RNA extraction and quantitative real-time PCR analysis

RNA isolation, cDNA synthesis and quantitative reverse transcription PCR analysis were performed as previously described by us [20]. The primer sequences used for CPNE1 mRNA detection were 5′-ACCCACTCTGCGTCCTT-3′ (forward) and 5′-TGGCGTCTTGTT GTCTATG-3′ (reverse), and the primers for miR-335-5p and U6 were purchased from RiboBio Co. Ltd. (Guangzhou, China). Ct values for CPNE1 mRNA and miR-335a-5p were equilibrated to those for ACTB mRNA and U6, respectively, which were used as internal controls. The Ct method was applied to determine the relative expression of these proteins.
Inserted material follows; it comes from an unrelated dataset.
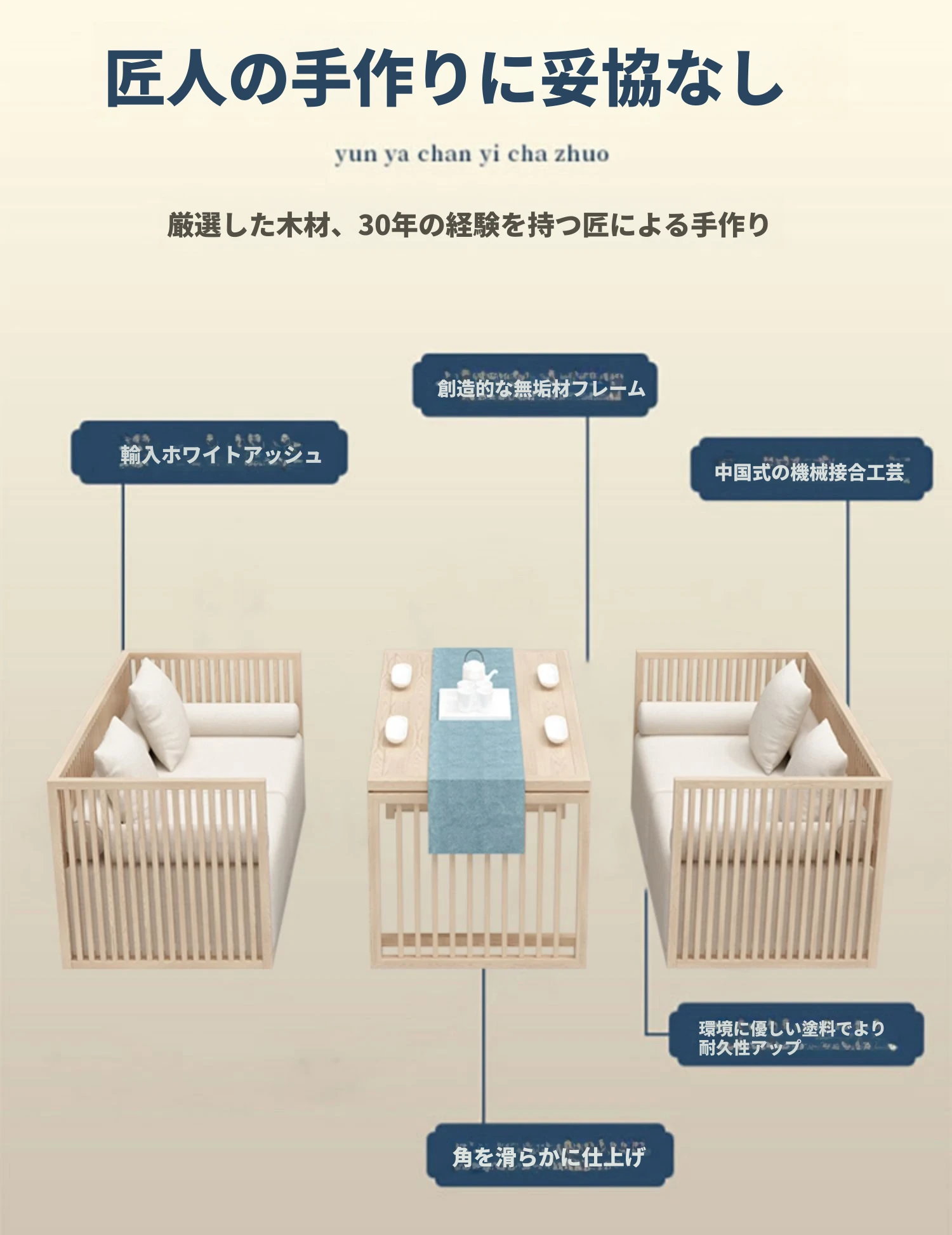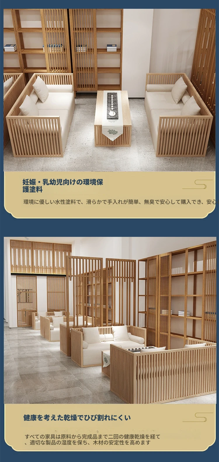 新中式ホワイトアッシュ無垢材リラックスエリア!茶楼・商談・バー・レストランに最適なカスタマイズ可能なボックスソファ。快適な空間で特別なひとときをお楽しみください!

Generation of stable cell lines overexpressing CPNE1

To generate NSCLC cells in which CPNE1 is stably overexpressed, a 1626-bp fragment of the CPNE1 coding sequence was synthesized (Genewiz, Suzhou, China) and subcloned into a pLVX-IRES-Neo vector using the endonucleases EcoRI and XbaI for expression via a Lenti-X lentiviral expression system (Clontech, Mountain View, CA, USA). The CPNE1 expression construct was co-transfected with packaging plasmids into human embryonic kidney 293 T cells using Lipofectamine 2000 (Invitrogen). The empty vector served as a negative control. Human embryonic kidney 293 T cells were cultured in Dulbecco’s modified Eagle’s medium containing 10% FBS at 37 °C in a humidified 5% CO2 incubator for 48 h. After the incubation, the packaged lentiviruses were collected and used to infect A549 and H1299 cells. After 2 days, stable cells were selected with 400 μg/ml of G418 (Amresco, Solon, OH, USA).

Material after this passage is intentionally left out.